Без устали вращаясь на стуле, она пальцами выбивала на подлокотнике нервную дробь.
Записки, рисунки, ласки, взгляды – во всем говорило «если бы…» и «как я хочу…». А часы отсчитывали время новой жизни и нового места над воротами, которые с каждым днем становились в их воображении все шире и шире, пока, наконец, часы и ворота, символизировавшие когда-то конец надежды, не стали твердить им только о надежде.
Против графини восстала армия любовниц и это случилось утром, когда клетки открылись для последней прогулки и не закрылись. Надзирательницы отбросили капюшоны, заключенные вышли из своих камер, и все они направили на графиню один обвинительный взор.
Графиня выхватила пистолет, который носила в кармане, и начала стрелять. Выстрелы грохотали, но их звук не отдавался, когда пули рикошетили от кирпичных стен и решеток камер, в которых не могло быть эха. Один из выстрелов достиг цели: он остановил часы, выбил из них время, разбил циферблат и навеки положил конец тиканью; отныне, глядя на эти часы, графиня всегда будет видеть час окончания своего времени, час их освобождения. Впрочем, попала в часы она случайно. Графиня была слишком изумлена, чтобы целиться точно, она никого не ранила и была без труда разоружена.
Ее заперли, а ключ выбросили в сугроб за воротами. Графиню оставили на ее наблюдательном пункте, с которого нечего было наблюдать, кроме ее собственного преступления, которое тут же вошло через открытые ворота, чтобы преследовать ее, вечно вращающуюся на стуле.
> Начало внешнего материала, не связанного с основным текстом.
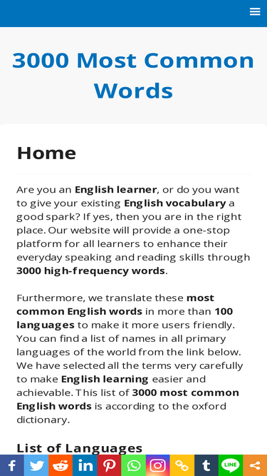 You can learn here 3000 most common spoken English words vocabulary of all languages. You can find a list of words in all the primary languages of the world. This list of words, according to Oxford University.
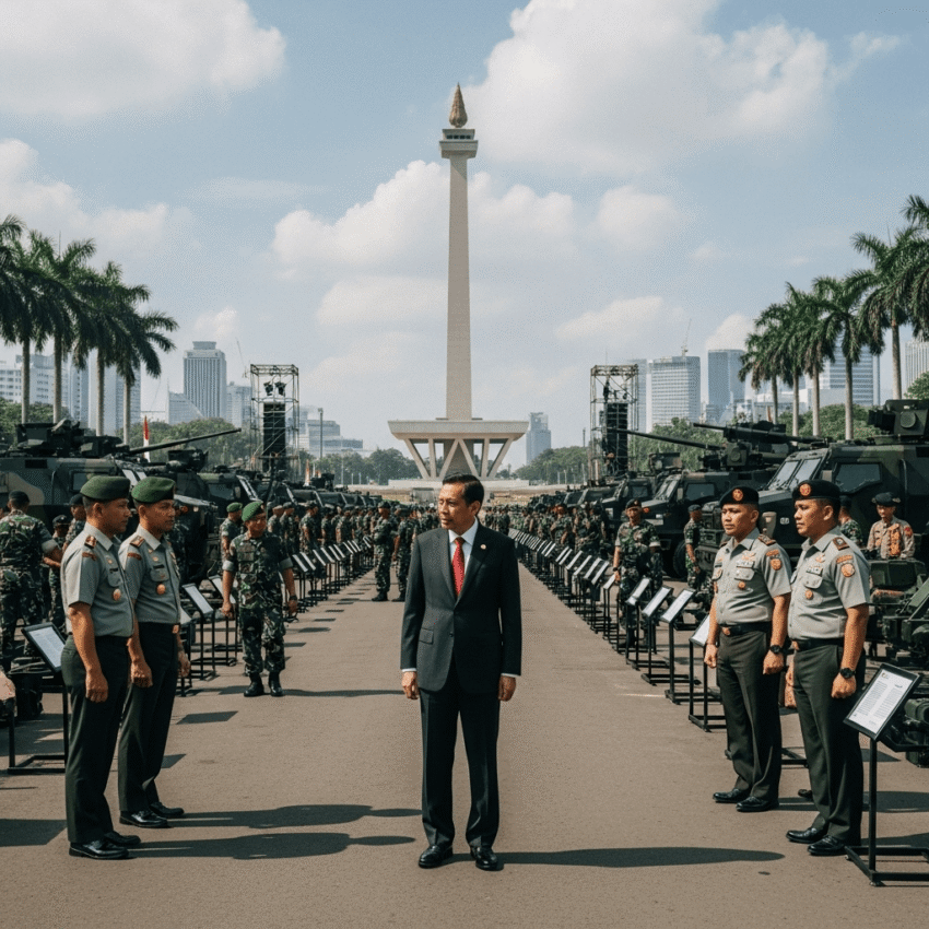 Presiden Prabowo Subianto melakukan peninjauan langsung terhadap persiapan peringatan Hari Ulang Tahun (HUT) ke-80 Tentara Nasional Indonesia (TNI) yang akan digelar di kawasan Monumen Nasional (Monas), Jakarta Pusat, pada Jumat, 3 Oktober 2025. Peninjauan ini dilakukan guna memastikan kelancaran dan kesuksesan acara yang akan menjadi tonggak sejarah bagi institusi TNI tersebut.

Поцелуи, объятия и первые взгляды доселе невидимых любящих лиц. Когда схлынула первая волна радости, женщины разработали план – пробираться к железной дороге (у них не было ни карт, ни компаса) и двигаться дальше по рельсам. Как только они поймут, где находятся, они смогут решить, куда им двигаться и захотят ли они, пусть даже в пароксизме вновь обретенной любви, пройти четыре-пять тысяч миль до деревни или города, где их матери по-прежнему присматривают за детьми, осиротевшими по велению закона, – независимо от того, что будет дальше, или же остаться здесь и отыскать в окружающих бескрайних равнинах примитивную Утопию, в которой никто никогда их не найдет.
Вера Андреевна знала, какое место в сердце Ольги Александровны занимает ее сынишка, которого та видела последний раз малышом.
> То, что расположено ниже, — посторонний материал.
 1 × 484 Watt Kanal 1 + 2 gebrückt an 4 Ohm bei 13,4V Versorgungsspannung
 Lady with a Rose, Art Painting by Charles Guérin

У женщин было оружие, они были одеты в огромные шинели и валенки, набитые соломой. У них была еда. Окружающий их белоснежный мир был похож на чистый лист бумаги, на котором они могли нарисовать любое будущее.
Взявшись за руки, женщины направились в сторону бледного солнца, распевая от радости.
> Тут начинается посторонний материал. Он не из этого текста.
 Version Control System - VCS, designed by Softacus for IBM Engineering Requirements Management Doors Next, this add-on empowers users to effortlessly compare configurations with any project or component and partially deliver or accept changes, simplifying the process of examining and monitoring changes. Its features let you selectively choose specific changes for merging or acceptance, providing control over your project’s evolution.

Среди обломков, опрокинутые, словно гигантские кегли, валялись совершенно невероятные и неправдоподобные существа, которых Ольга Александровна когда-то очень давно, еще в детстве, видела в царском зверинце своего родного Санкт-Петербурга. Слоны! Столько мертвых слонов, что ими можно заполнить огромное кладбище; по движению среди остатков крушения женщины поняли, что один гигант еще жив и продолжает разгребать хоботом балки и сломанные колеса.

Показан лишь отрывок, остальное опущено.